The model runs on a third-party GenAI provider's infrastructure — OpenAI, Anthropic, Mistral, and similar. Use EcoLogitsGenAIExternalAPI with its EcoLogitsGenAIExternalAPIJob. The EcoLogits integration looks up the model's parameter counts, throughput, datacenter location, and grid carbon intensity automatically; the modeler picks a provider, a model, and an average output token count. This is by far the cheapest and most accurate path when the model is not the modeler's to run.

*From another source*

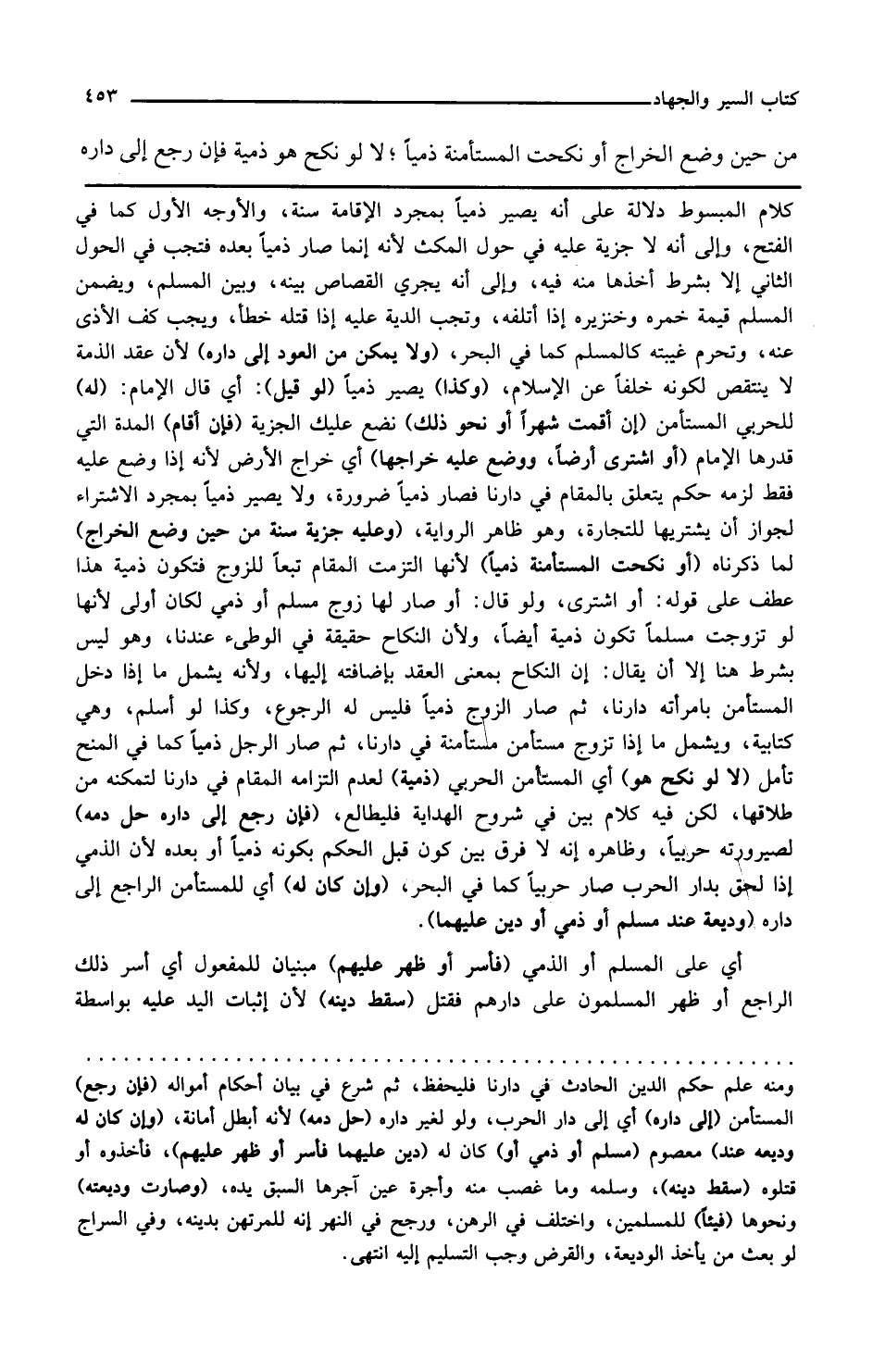 لا لو نكح هو أي المستأمن الحربي ذمية لعدم التزامه المقام في دارنا لتمكنه من طلاقها لكن فيه كلام بين في شروح الهداية فليطالع فإن رجع إلى داره حل دمه لصيرورته حربيا وظاهره أنه لا فرق بين كونه قبل الحكم بكونه ذميا أو بعده لأن الذمي إذا لحق بدار الحرب صار حربيا كما في البحر

Fine-tuning a model and serving it yourself puts you in the first bullet (with a GPUServer). The EcoLogits path is specifically for calls that hit an external provider's API.

Python sketch

# Two patterns, same country, different journeys
training_pattern = UsagePattern(
    "Weekly retraining",
    usage_journey=training_journey,
    devices=[],  # backend-only workload: no end-user device
    network=internal_network,
    country=country_fr,
    hourly_usage_journey_starts=weekly_pulse_of_one_start_per_week,
)

inference_pattern = UsagePattern(
    "Production inference",
    usage_journey=inference_journey,
    devices=[smartphone],
    network=mobile_network,
    country=country_fr,
    hourly_usage_journey_starts=hourly_traffic,
)

The underlying Job, GPUJob, or EcoLogitsGenAIExternalAPIJob carries the per-call resource numbers — ideally measured (via CodeCarbon, EcoLogits, or your own profiling) rather than guessed.